No one ever prepared for the King and Judge without examining their own lives. That is why John the Baptist and the prophets figure so prominently in the readings for Advent.
It is worth looking back over the last year and asking ourselves, what are the patterns and preferences that drew me closer to God and my neighbors in love? What the patterns and preferences that drove me away from God and my neighbors? As we examine our lives, we can give ourselves to habits of the heart that will make us more readily available to the purposes of God.
Finally, that process of opening ourselves up to the King and Judge will also require that we surrender our obsession with the narrow ways in which we define God’s call on our lives.

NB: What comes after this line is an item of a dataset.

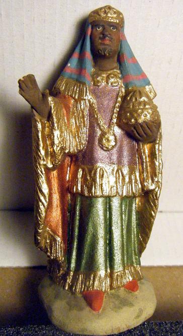 Nos vamos encontrando periódicamente con este autor, del que creo que vimos bastantes figuras cuando tratamos el "tema Teixidor", ya que, siendo totalmente diferente a Teixidor, a veces hacía unos turbantes con el característico enrollado al cuello teixidoriano. Son de construcción sencilla pero muy elegante, de molde sin utilizar miembros de plomo, como es habitual en los autores "buenos" catalanes y se caracterizan por sus ojos redondos, pero no saltones. La pintura de los Reyes Magos es brillante, tipo purpurina, como se hacía a principios de siglo XX (tengo bastantes ejemplos, en figuras de Reyes de Pep del Nas y otros).

Far too much of Christian practice today on both ends of the theological spectrum is devoted to naming a handful of measures by which we determine fidelity to the purposes of God and – almost without realizing it – declare ourselves the King and Judge. We require that people use certain kinds of language about their faith. We mandate that they have certain kinds of experiences. We judge the faith of others by arguing that to be faithful one must do this or that or we insist that they make choices that place themselves “on the right side of history.”
But the fact of the matter is that God will do what God wants to do, when and how God chooses to do it. There is no right side to history. There are only those who choose to side with the one who judges history.
Don’t misunderstand me. I am not saying that our faith does not require certain kinds of behavior, nor am I suggesting that “anything goes” when it comes to what we do, say or believe. But what I am saying is that the moment we replace the Judge with what we think that the Judge is all about, we will have built something for ourselves that is less than King and Judge, something to control, something that cannot substitute for the One who is yet to come. In that moment, we will have shut ourselves out from the preparation that is meant to be a part of our Advent discipline.
So, in the days ahead, I invite you to consider what it means to welcome not just the babe of Bethlehem, but the One who is yet to come – who is both King and Judge – the One who alone is able to heal, save and restore our relationship with God and with one another.